RECORDS TO USE:
- Opening Delimiter -

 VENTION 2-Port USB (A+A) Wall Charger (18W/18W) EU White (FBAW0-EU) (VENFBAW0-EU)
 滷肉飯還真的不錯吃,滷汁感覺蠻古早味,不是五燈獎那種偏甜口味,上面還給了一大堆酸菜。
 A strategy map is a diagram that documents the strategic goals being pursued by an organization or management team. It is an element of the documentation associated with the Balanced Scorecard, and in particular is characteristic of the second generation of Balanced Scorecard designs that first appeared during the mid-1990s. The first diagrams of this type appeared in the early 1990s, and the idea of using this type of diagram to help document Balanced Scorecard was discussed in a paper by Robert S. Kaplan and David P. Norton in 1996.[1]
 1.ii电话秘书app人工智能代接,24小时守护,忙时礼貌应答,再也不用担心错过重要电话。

- Closing Delimiter -
- Opening Delimiter -

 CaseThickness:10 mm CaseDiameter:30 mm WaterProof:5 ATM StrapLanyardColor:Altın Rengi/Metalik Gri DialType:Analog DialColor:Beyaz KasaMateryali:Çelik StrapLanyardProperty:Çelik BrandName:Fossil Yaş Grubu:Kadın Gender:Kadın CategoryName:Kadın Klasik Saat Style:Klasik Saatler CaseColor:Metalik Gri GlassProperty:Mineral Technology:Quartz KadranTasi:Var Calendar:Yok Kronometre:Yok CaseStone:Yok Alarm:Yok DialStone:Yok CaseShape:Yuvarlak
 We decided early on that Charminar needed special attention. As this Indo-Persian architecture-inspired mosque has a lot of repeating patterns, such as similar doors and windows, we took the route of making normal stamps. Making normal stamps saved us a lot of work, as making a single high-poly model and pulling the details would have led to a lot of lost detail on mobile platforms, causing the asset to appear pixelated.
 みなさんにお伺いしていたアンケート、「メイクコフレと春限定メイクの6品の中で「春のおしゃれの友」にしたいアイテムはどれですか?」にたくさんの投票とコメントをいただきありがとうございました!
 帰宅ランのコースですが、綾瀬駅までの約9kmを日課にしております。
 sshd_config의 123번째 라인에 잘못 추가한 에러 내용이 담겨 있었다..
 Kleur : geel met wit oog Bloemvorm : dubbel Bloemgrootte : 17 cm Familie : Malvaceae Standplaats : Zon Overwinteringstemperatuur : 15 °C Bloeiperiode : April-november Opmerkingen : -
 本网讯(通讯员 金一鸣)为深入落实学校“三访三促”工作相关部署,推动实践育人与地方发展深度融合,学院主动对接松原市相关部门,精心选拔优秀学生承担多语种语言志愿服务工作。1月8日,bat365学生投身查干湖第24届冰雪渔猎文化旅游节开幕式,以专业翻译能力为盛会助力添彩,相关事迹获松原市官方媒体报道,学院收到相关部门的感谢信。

- Closing Delimiter -

WHAT YOU WILL DO: The range runs from the line above containing "VENTION 2-Port USB" to the line containing "1.ii电话秘书app人工智", inclusive. Restate those lines word for word and no others.

OUTPUT OF THE TASK:
 VENTION 2-Port USB (A+A) Wall Charger (18W/18W) EU White (FBAW0-EU) (VENFBAW0-EU)
 滷肉飯還真的不錯吃,滷汁感覺蠻古早味,不是五燈獎那種偏甜口味,上面還給了一大堆酸菜。
 A strategy map is a diagram that documents the strategic goals being pursued by an organization or management team. It is an element of the documentation associated with the Balanced Scorecard, and in particular is characteristic of the second generation of Balanced Scorecard designs that first appeared during the mid-1990s. The first diagrams of this type appeared in the early 1990s, and the idea of using this type of diagram to help document Balanced Scorecard was discussed in a paper by Robert S. Kaplan and David P. Norton in 1996.[1]
 1.ii电话秘书app人工智能代接,24小时守护,忙时礼貌应答,再也不用担心错过重要电话。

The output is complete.